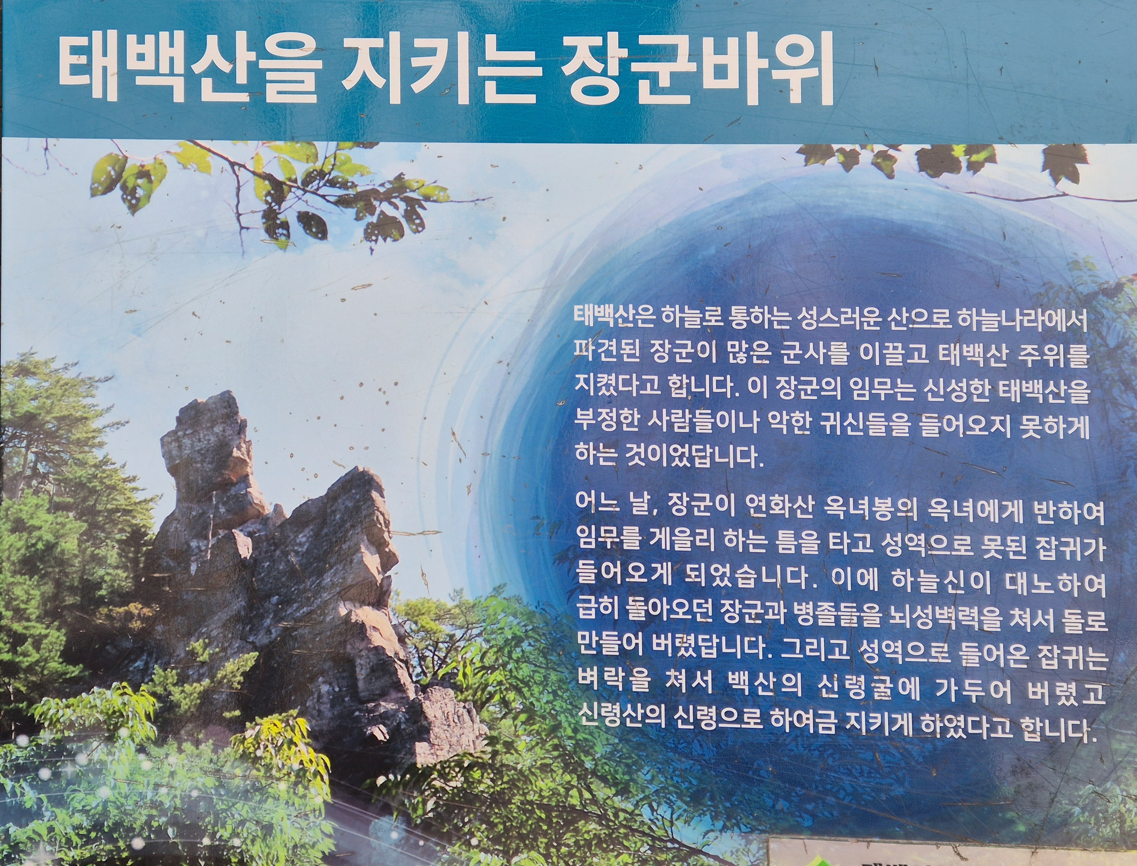 태백산은 하늘로 통하는 성스러운 산으로 나라에서 파견된 장군이 많은 군사를 이끌고 태백산 주위를 지켰다고 한다. 이 장군의 임무는 신성한 태백산을 부정한 사람들이나 악한 귀신들을 들어오지 못하게 하는 것이었다.
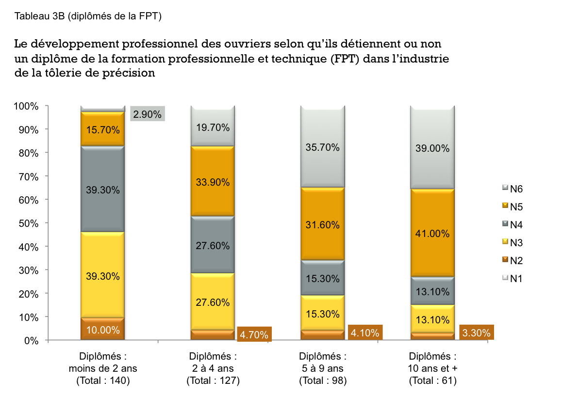 Tel que nous pouvons le constater, les diplômés de la FPT entrent aux niveaux 3 et 4 – ce qui signifie qu’ils sont mis en apprentissage sur les emplois spécialisés de l’entreprise. Ensuite, ils évoluent rapidement aux niveaux 4 et 5 et au bout de cinq ans ils ont déjà atteint les niveaux 5 et 6. Quant aux « sans diplômes », ils ne connaissent pas ce type de trajectoire. Ils entrent aux niveaux 2, 3 sur des postes de manœuvres passant d’une unité de production à l’autre. À ces niveaux, ils développent une polyvalence, mais sur les travaux élémentaires de l’entreprise qui nécessitent peu ou pas d’apprentissage (N1), moins de trois mois pour acquérir un savoir pratique, « un tour de main » (N2) ou quelques mois (N3). Ce n’est donc pas le type de polyvalence que recherchent les entreprises lorsqu’elles déplorent que leurs ouvriers ne le sont pas. À l’occasion de ces passages d’une unité à l’autre, d’une fonction de travail à l’autre, ils sont observés et les plus doués sont pressentis pour des emplois semi-spécialisés ou spécialisés aux niveaux 3 et 4. Ensuite, ils vont passer une dizaine d’années sur ces niveaux, voire même toute une carrière professionnelle. Ce n’est qu’au bout de dix ans qu’une proportion d’entre eux atteint les niveaux 5 et 6. Les diplômés de la FPT progressent donc plus rapidement et ils atteignent plus nombreux les niveaux 5 et 6 de leur métier.
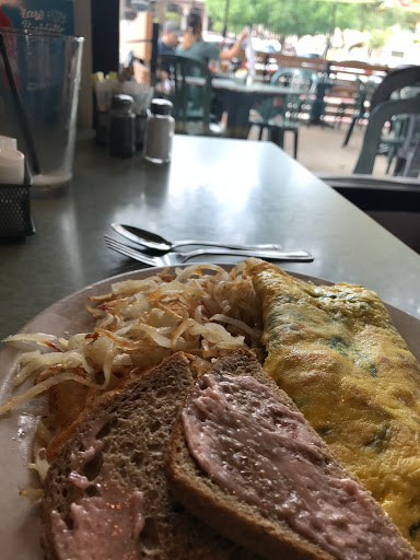 The Addison dream cafe has a one of the two best patios in the area (despite the poor view): its got an even shade/sunshine balance, a cooling summertime breeze, and plenty of foliage to counteract the areas usual concrete vistas. The food is tasty and wholesome with plenty of fresh options, whole grains and fresh vegetables, and vegetarian friendly fair (beyond just salads). The lunch and dinner menu is vaguely Mediterranean inspired with a few dishes of a more Tex-Mex nature, and a nod to the deep South in their tasty cheese grits. The brunch menu is more northern: Belgian waffles; pancakes that achieve an amazingly light, fluffiness (thanks to ricotta cheese); omelettes; benedicts; and steak and eggs dominating. One dish tips the hat to a more traditional Texas style breakfast. The service, while friendly, isnt quick -dont come if youre in a hurry.
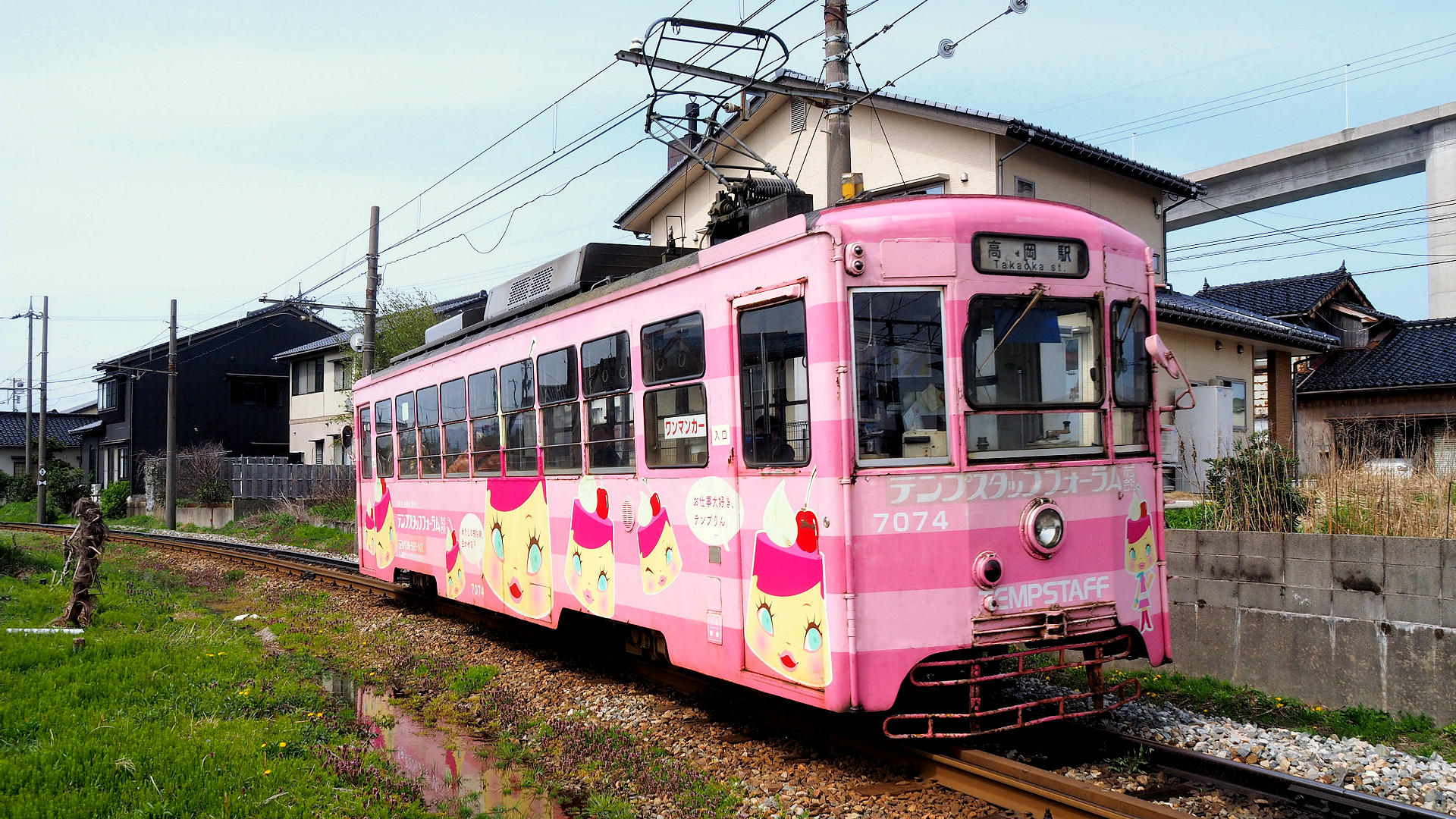 越ノ潟駅を発車した7074高岡駅行き 2024/04/04 撮影
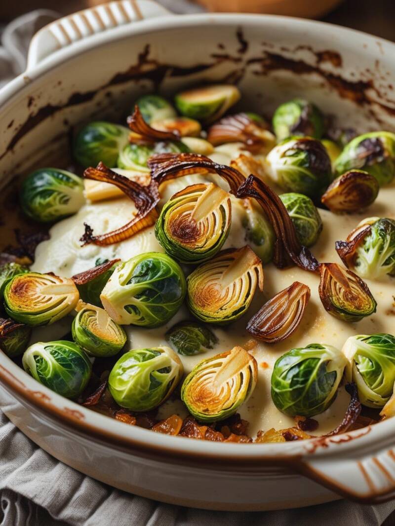 Keto-Rosenkohl-Gratin mit Winterheckenzwiebel
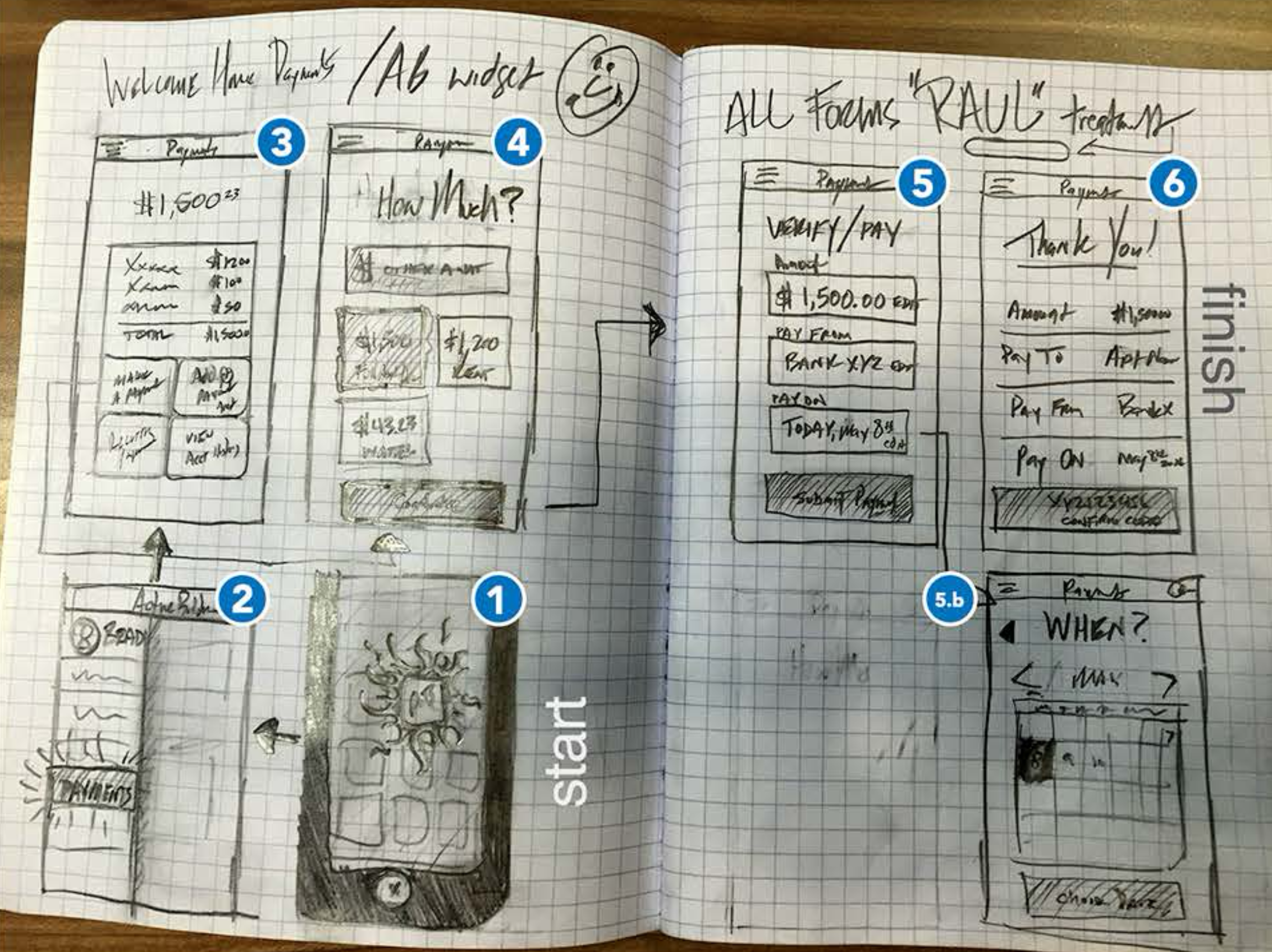 • Start Sketches, Whiteboarding & LoFi Prototypes

- WHAT THIS TASK INVOLVES
Retype, exactly as written, each line from the one containing "Keto-Rosenkohl-Gratin mit Winterheckenzwiebel" through the end of the data above, and leave out every picture.

- OUTPUT OF THE EXERCISE
 Keto-Rosenkohl-Gratin mit Winterheckenzwiebel
 • Start Sketches, Whiteboarding & LoFi Prototypes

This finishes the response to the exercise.